Vrijdag 27 september: Wachten
In de week waarin een in het wit gehulde man neerdaalde uit de hemel en vervolgens plaatsnam in een rolstoel, lichtten hoog boven me de letters op in het zwarte zwerk, ik begreep dat de verlossing nabij was.
Eerder die maand had ik een brief gevonden op de bus, zij de vermoeiden werden vriendelijk opgeroepen om de wachtenden te vervoegen, de rij is erg lang geworden, na 2024 jaar hopen ze nog steeds op Zijn komst, zelf had ik helaas mijn bus gehaald en voor één keer de koffie voldoende sterk gezet.
Het was niet de eerste keer dat ik werd geroepen, toen ik nog in deze stad woonde en iedereen de ziekte vreesde, trof ik een pamflet aan in de brievenbus, het verkondigde dat Dieumerci il y a un remède, ik prikte het op het kurkbord, ik heb het altijd een prachtige naam gevonden. Af en toe word ik er nog aan herinnerd, de Heer volhardt, dan parkeert hij Zijn wagen in de straat verderop, na 37 jaar van observatie heeft Hij begrepen hoe ik in elkaar zit, Hij heeft de boodschap doorgedreven versimpeld en in een enorm lettertype op de achterruit gestickerd.
Ik begrijp wel waarom ook ik geroepen word, op mijn LinkedIn-pagina zou kunnen staan dat ik zeer gekwalificeerd ben in het afwachten, bijvoorbeeld op het juiste moment of de juiste persoon, de juiste woorden, de jaren van verstand en het eelt op mijn ziel, het haar op mijn tanden, de godgezonden oplossing voor kapotgeschoten steden en de toekomstige ontsporingen van AI.
(Als ik eerlijk ben wacht ik echter nog het meest op de dag waarop ik, persoonlijk dan, me zou kunnen verzoenen met de gang van de zaken, en als dat onhaalbaar zou blijken, dan gewoon een niet mis te verstaan signaal dat de levering van de oplossing helaas even uitgesteld is.)
De realiteit is dat ik wachtte zo hard als ik kan, al mijn hele leven lang, ondanks mijn haast olympische prestatie veranderde er helemaal niets, ik werd er alleen vermoeider van en ook koffie heeft zijn limieten, van cafeïne ga ik helaas ernstig zweten, daarom drink ik te vaak slappe espresso. Mede daarom heb ik het wachten opgegeven, ik probeer me in te leven in de geest van de Atheners van 2300 jaar geleden, zij hadden al begrepen dat je nooit naar de winkel hoeft als je niets nodig hebt, de ene dag lukt het me beter dan de andere.
Dat alles speelde die nacht voor de komst van de man in het wit, de koffie was allang uitgewerkt en de trein dokkerde over de afgeleefde sporen van Brussel-Zuid, een huls van afbrokkelende perrons en vlakten van duister steen.

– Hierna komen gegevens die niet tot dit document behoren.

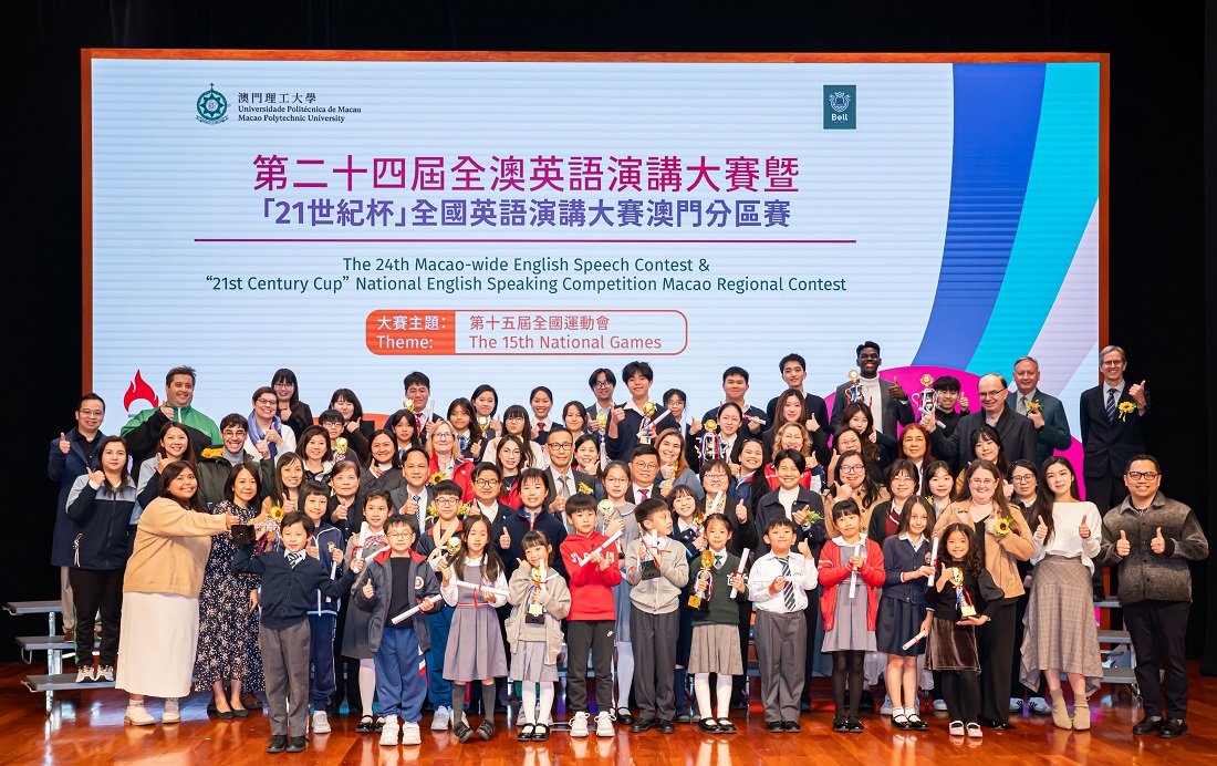 Organizada pela Universidade Politécnica de Macau (UPM) e realizada pelo Centro de Inglês UPM-Bell, realizou-se com sucesso a 24.ª Edição do Concurso de Discurso em Inglês de Macau e Concurso Nacional de Discurso em Inglês “Taça Século XXI” – Concurso Regional de Macau, tendo como tema “15.ª Edição dos Jogos Nacionais”. O Concurso tem como objectivo proporcionar aos estudantes locais uma plataforma para demonstrarem as suas competências em inglês, promover o desenvolvimento do ensino de inglês em Macau e formar uma nova geração de talentos com visão internacional e capacidade de comunicação multilingue. A cerimónia de entrega de prémios do Concurso contou com a presença de mais de 300 pessoas, incluindo directores, representantes e professores de várias escolas de Macau, alunos e seus pais, que testemunharam, em conjunto, o excelente desempenho e os resultados frutíferos dos participantes nos discursos em inglês, num ambiente animado.
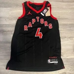 Toronto Raptors basketball jersey in black with red accents. Features #4 Scottie Barnes and team logo.
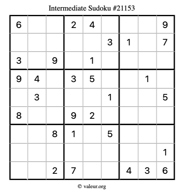 Here is our printable Intermediate Sudoku Puzzle #21153. You are welcome to print a copy for yourself and solve it the old-fashioned way with a pencil and an eraser!
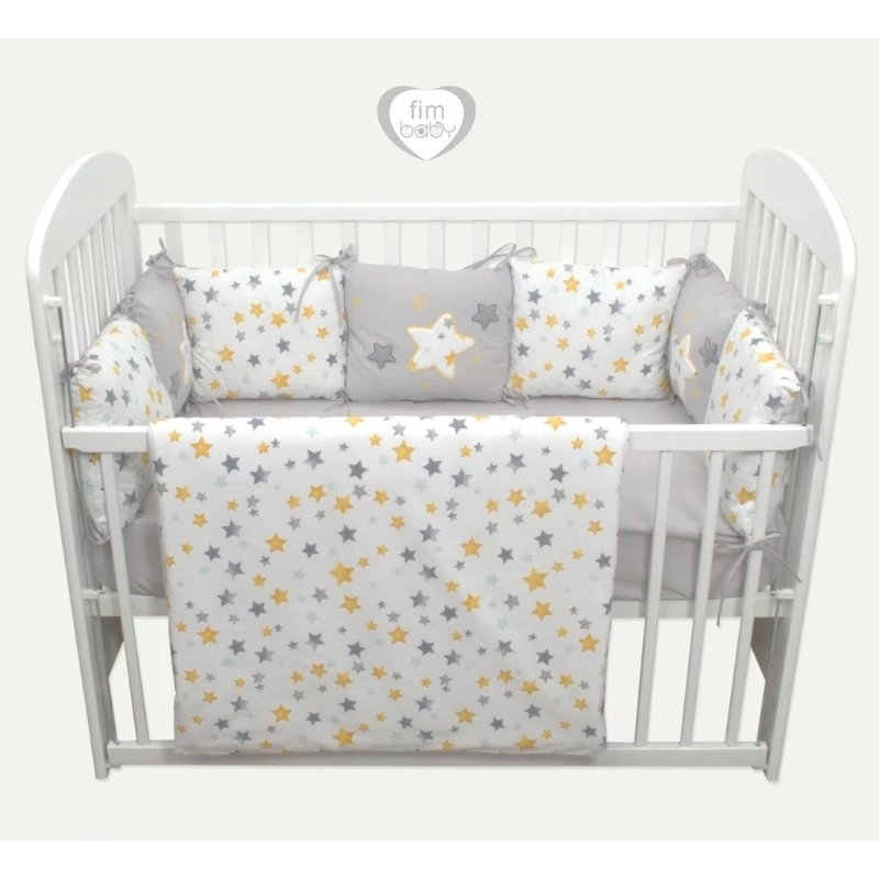 Fim Zvezdice posteljina za krevetac sa jastučićima, Siva
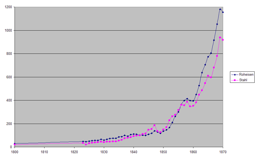 압연기를 도입한 공장과 기관차 및 기타 기계 제조소의 생산 증가는 선철 생산을 급속히 촉진시켰다. 이 시기 철강 소비량은 1834년 12만 1,039톤에서 1847년 41만 4,094톤으로 거의 3배 증가했다. 초기에는 수입품에 의존했지만 점차 자국 생산 비중이 높아졌다. 1842년 독일에 있던 245대의 기관차 중 독일제는 38대에 불과했으나, 1851년에는 1,084대 중 679대가 독일제였으며, 철로에 대한 수요도 점점 자국 제품으로 충당되었다. 철도에 대한 고정 자본 투자가 관련 금속공업의 발전을 이끌었다는 점은 독일 경제사에서 결정적인 의미를 지닌다.1851년부터 1857년까지 철 소비량은 2.5배, 선철 생산 성장 속도는 약 2.5배 증가했다. 석탄 생산 역시 2.5배 증대했으며, 면사 생산은 1850년과 1857년 사이에 100% 이상 증가했다.

De wanhoop overviel me, toen blikkerde in het uitspansel een signaal, dikke letters als een soort van vlammende neonstruik in het grote niets, ze schreeuwden me geruststellend toe, IN YOUR OWN TIME, nooit was het me zo duidelijk gezegd, zo helder en zo simpel, ik liet me wegzakken in het pluche.